Trent Lott--A Post Mortem

It was two weeks ago I first came across Trent Lott's Comments at Strom Thurmond's Birthday Party. Angry at the initial lack of media coverage, I reprinted Lotts comments and called for his resignation. It's the sort of red-blodded all American thing I do often--taking a position on an issue immediately, without really thinking about it in depth. After having thought about it, I do think I was right however. Trent Lott would have held a position of representing the Republican party and the American people. He had to be removed.
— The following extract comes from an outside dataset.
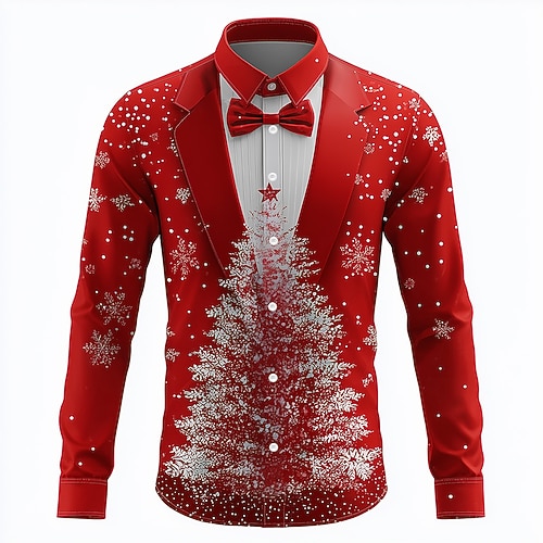 Weihnachten Herren Schneeflocke Weihnachtskostüm Smokinghemd mit Anzugkrawatte und Aufdruck Hemd Knopfhemd Langarm Lustig Outdoor Ferien Frühling Herbst Umlegekragen 3D-Druck Hemden mit Kragen Rot 1

However, let it not be said that the Democrats hounded him from office. That would be foolish. The real people who removed Trent Lott from power were his fellow Republicans. The President helped by refusing to show Lott even trace amounts of support. But in truth, the Repbulicans are glad to see him go. In their eyes, it was not his comments at the Birthday Party that were damning; it was his appearance on BET that did him in. There the Senator looked weak. He capitulated to his audience on Affirmative Action, claiming he supported it. To many Republicans, this weakness in articulating their opposition to affirmative action must have seemed either a cynical ploy to preserve his speakership or a continuation of his ongoing weakness in basic republican principles.
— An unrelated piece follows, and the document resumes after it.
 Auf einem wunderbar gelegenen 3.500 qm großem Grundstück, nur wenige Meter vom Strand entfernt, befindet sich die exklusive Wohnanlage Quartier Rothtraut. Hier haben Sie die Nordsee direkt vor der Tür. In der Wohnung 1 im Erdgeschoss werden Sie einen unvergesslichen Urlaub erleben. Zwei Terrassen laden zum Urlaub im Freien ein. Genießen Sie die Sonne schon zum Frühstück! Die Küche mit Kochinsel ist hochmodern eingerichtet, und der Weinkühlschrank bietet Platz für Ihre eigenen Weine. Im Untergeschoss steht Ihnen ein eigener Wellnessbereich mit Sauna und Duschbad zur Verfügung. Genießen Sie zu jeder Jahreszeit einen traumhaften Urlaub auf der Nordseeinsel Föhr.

Lott commented, "There are some people in Washington who have been trying to nail me for a long time. When you're from Mississippi and you're a conservative and you're a Christian, there are a lot of people that don't like that. I fell into their trap and so I have only myself to blame." I'm not sure exactly what Mr. Lott means by a trap. Did somebody monkey up his cue cards? Or should he not have been invited to the birthday party at all?

Two final comments on the issue. From the right, Robert Novak writes, "As principal author of Lott's demise, Bush must now face its consequences: limiting his freedom in policy touching on race. He has to decide whether to approve Solicitor General Theodore Olson's proposal for U.S. intervention against the University of Michigan in the racial quota case before the Supreme Court. He has to decide whether to renominate U.S. District Judge Charles Pickering, a friend and Mississippi Republican ally of Lott's, for the appellate bench. To go with Olson and Pickering would raise accusations of "racism." "

From the Left, Seth Sandronsky, of Sacremento's Because People Matter, writes "Lott’s remark’s on the spurned glories of the South threatened to partly alter the administration’s orchestration of a benevolent U.S. imperialism in oil-rich Iraq. He had to go, and did depart as Senate leader of the Republican Party."